The only races with a non-zero feature importance for predicting whether a crime will be a felony or not are Black, Hispanic and unknown. Several charges have much higher feature importance, and gender also has non-zero feature importance.

This matches expectation, since some charges will obviously have much higher rates of felonies than other charges, and some charges will always be either a misdemeanor and other will always be a felony.

Next, we again look at just marijuana charges for feature importance.

In [40]:
va = VectorAssembler(inputCols=["RaceOH", "GenderOH"], outputCol="features", 
                     handleInvalid = "skip")

pipeline_mj = Pipeline(stages=[gendInd, gend, raceInd, race, va, rf])

In [41]:
model_rf = pipeline_mj.fit(data_mj)
pred_rf = model_rf.transform(data_mj)

In [42]:
#get feature names

meta_rf = pred_rf.select("features").schema[0].metadata.get('ml_attr').get('attrs').get('binary')

# merge_list = numeric_metadata + binary_metadata 
feature_names = [field['name'] for field in meta_rf]

In [43]:
#combine names with importances
list(zip(feature_names, model_rf.stages[-1].featureImportances))

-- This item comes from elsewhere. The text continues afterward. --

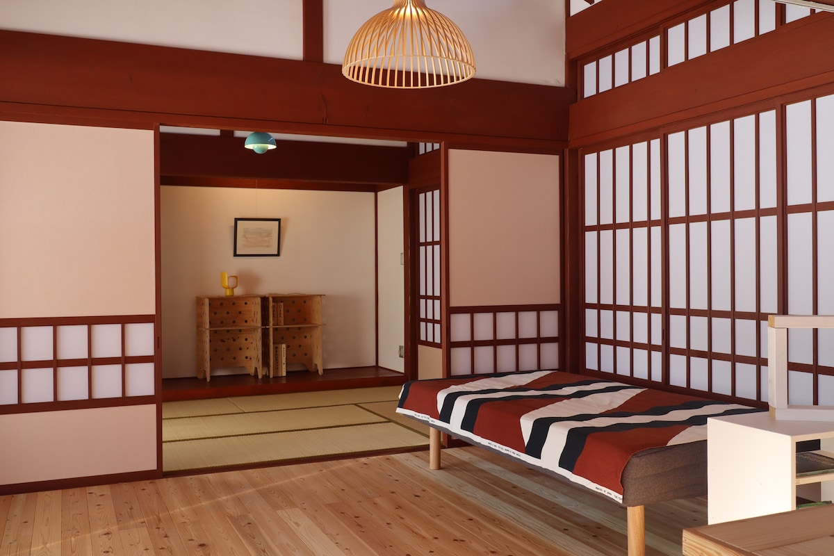 Mistura de 4 quartos privados de estilo tradicional e moderno com ar condicionado Dois chuveiros, duas casas de banho, jardim interior, grande pátio, sala de jantar, salas comuns. Damos-lhe as boas-vindas de uma forma amigável para fazer parte do nosso negócio familiar. Iwase é uma antiga cidade portuária com edifícios arquitetónicos únicos com 10 quilómetros de praia e 3.000 metros de montanha como pano de fundo.
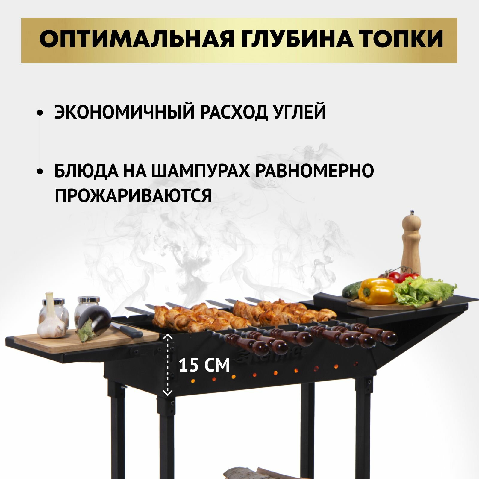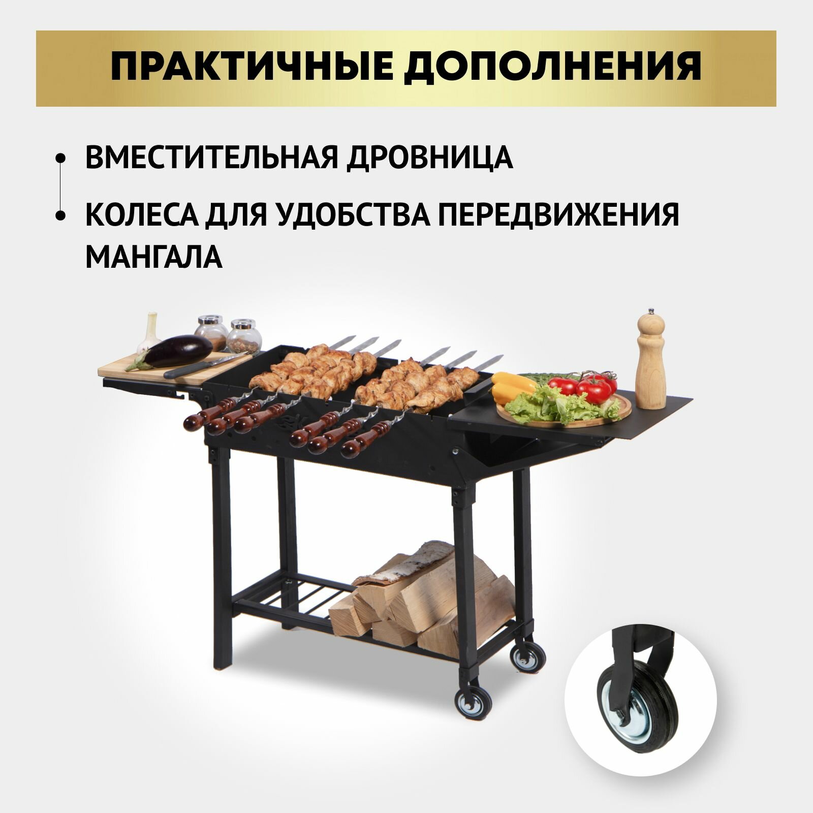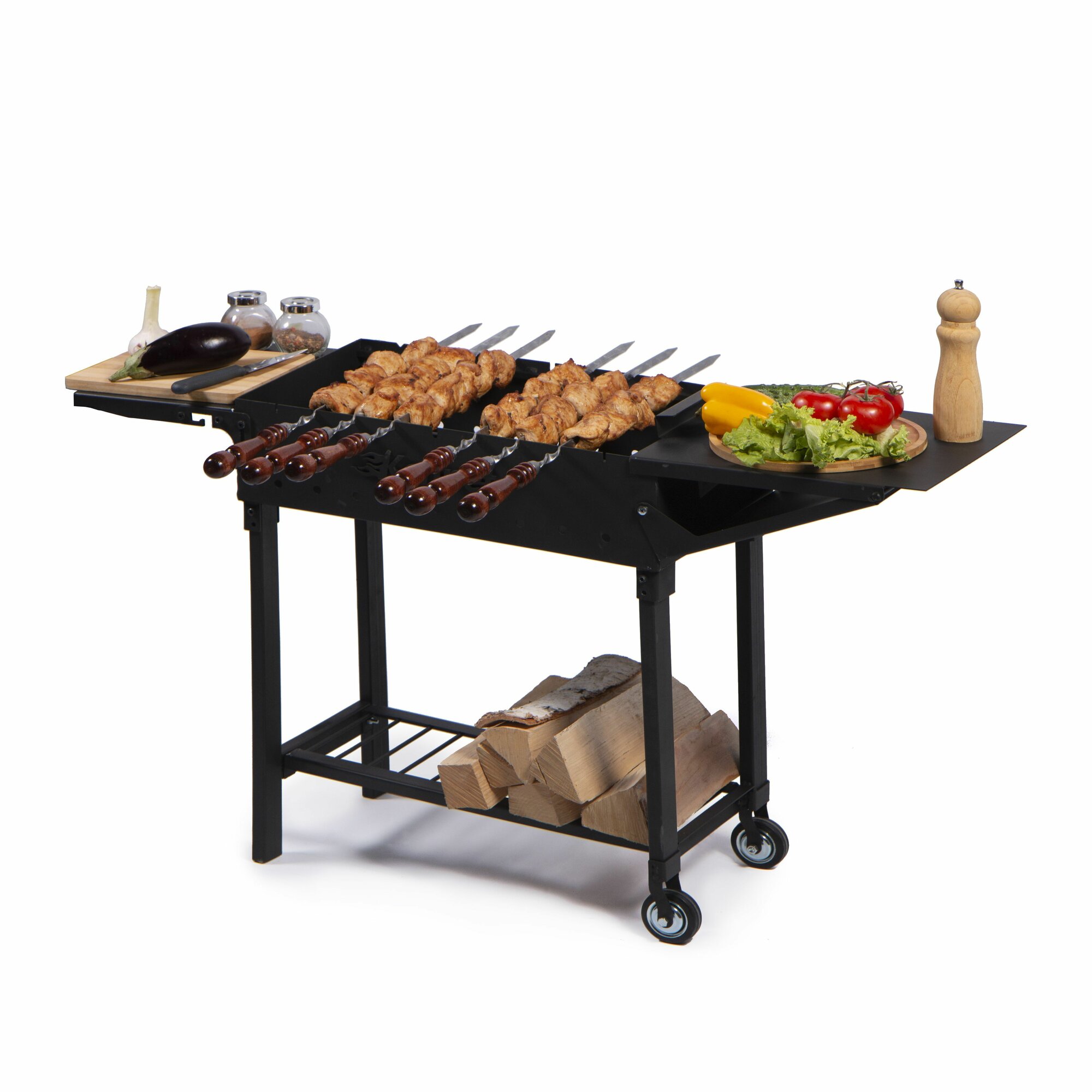 Мангал для дачи складной на колесах Kennet KazanTip Семейный со съемными столиками и дровницей

[('RaceOH_Black', 0.2576646203782787),
 ('RaceOH_White', 0.25975752149859244),
 ('RaceOH_Asian or Pacific Islander', 0.17215317915534445),
 ('RaceOH_Unknown', 0.17605941299451264),
 ('GenderOH_Male', 0.13436526597327178)]

From this, we see that race is a more important factor than gender in determining whether marijuana possession with intent to distribute is a felony or a misdemeanor.